Miller draws from many of the plot points from ancient myths and texts, particularly Homer’s Odyssey, Ovid’s Metamorphoses, Argonautica by Apollonius of Rhodes, and Telegony, a now-lost epic believed to have been written by Eugammon. Homer’s Odyssey, which is about Odysseus’s journey home from the Trojan War, includes an encounter between him and Circe, during which she turns his men into pigs. Metamorphoses is a compilation of many myths and features the story where Circe turns Scylla into a monster. Argonautica and Telegony focus on Jason and Telegonus respectively. Circe shows up in all of these stories but is not the central character. In her novel Circe, Miller flips the script, making Circe the main character and giving Odysseus, Jason, and Telegonus cameos in the same way that she is only a secondary character in their stories. Miller’s novel The Song of Achilles is written in a similar way; in The Song of Achilles, Patroclus is the main character, although he is just a character at the margins of Homer’s Illiad. Miller is not alone in retelling the well-known myths of Ancient Greece. Many authors and poets have reexamined these stories, such has Alfred, Lord Tennyson in his poem Ulysses, Margaret Atwood in The Penelopiad, and Rick Riordan in his young adult series Percy Jackson & the Olympians. Circe’s tale specifically has been retold many times.
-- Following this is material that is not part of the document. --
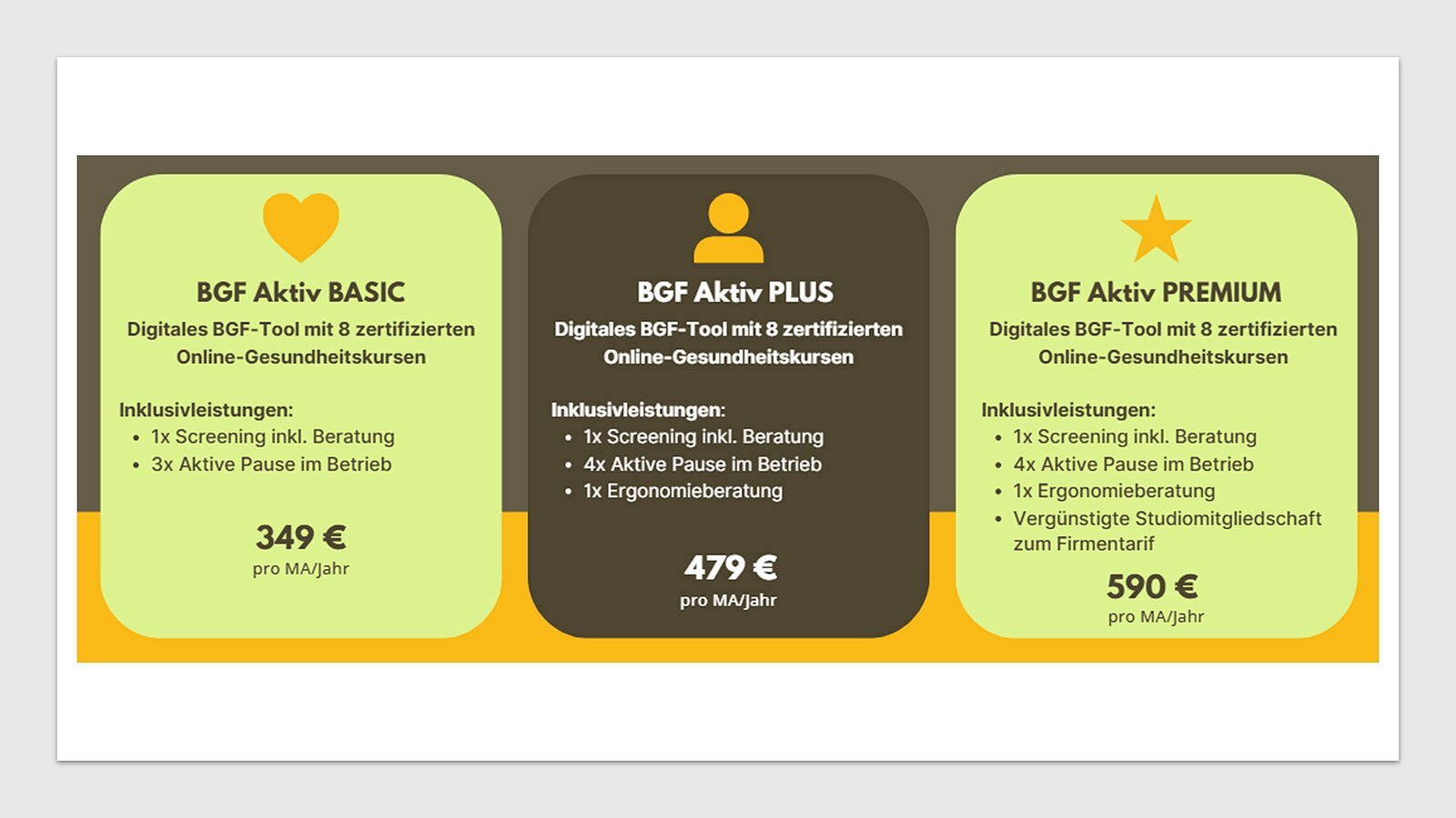 Unsere BGF-AKTIV Pakete für Ihre Bedürfnisse

Eudora Welty’s short story “Circe” and Margaret Atwood’s Circe/Mud Poems are two such examples that explore Circe’s side of the myths that surround her.
Key Facts about Circe
  • Full Title: Circe
  • When Written: Around 2012 to 2018
  • When Published: April 2018
  • Literary Period: Contemporary
  • Genre: Fantasy, Literary Fiction
  • Setting: Ancient Greece
  • Climax: When Circe encounters monstrous Scylla for the second time and succeeds in turning her to stone
  • Antagonist: almost every god and Titan (Helios, Zeus, and Athena to name a few), Scylla, and misogyny
  • Point of View: First person

Extra Credit for Circe

Story for the Silver Screen. Shortly after publication in 2018, Miller’s Circe became a number one New York Times Bestseller and went on to win several awards, including Goodreads Choice Award for Best Fantasy of 2018. In 2019, HBO Max announced that they will be making an eight-episode miniseries adaptation of the book.

Enchanting Etymology. In Circe, the herbs of power that Circe uses for her witchcraft are called pharmaka, and the term for someone who wields these magical powers is pharmakis, now translated to “sorcerer” and “poisoner.” These Greek words may look familiar—they are roots for the modern-day words “pharmacy” and “pharmacist.”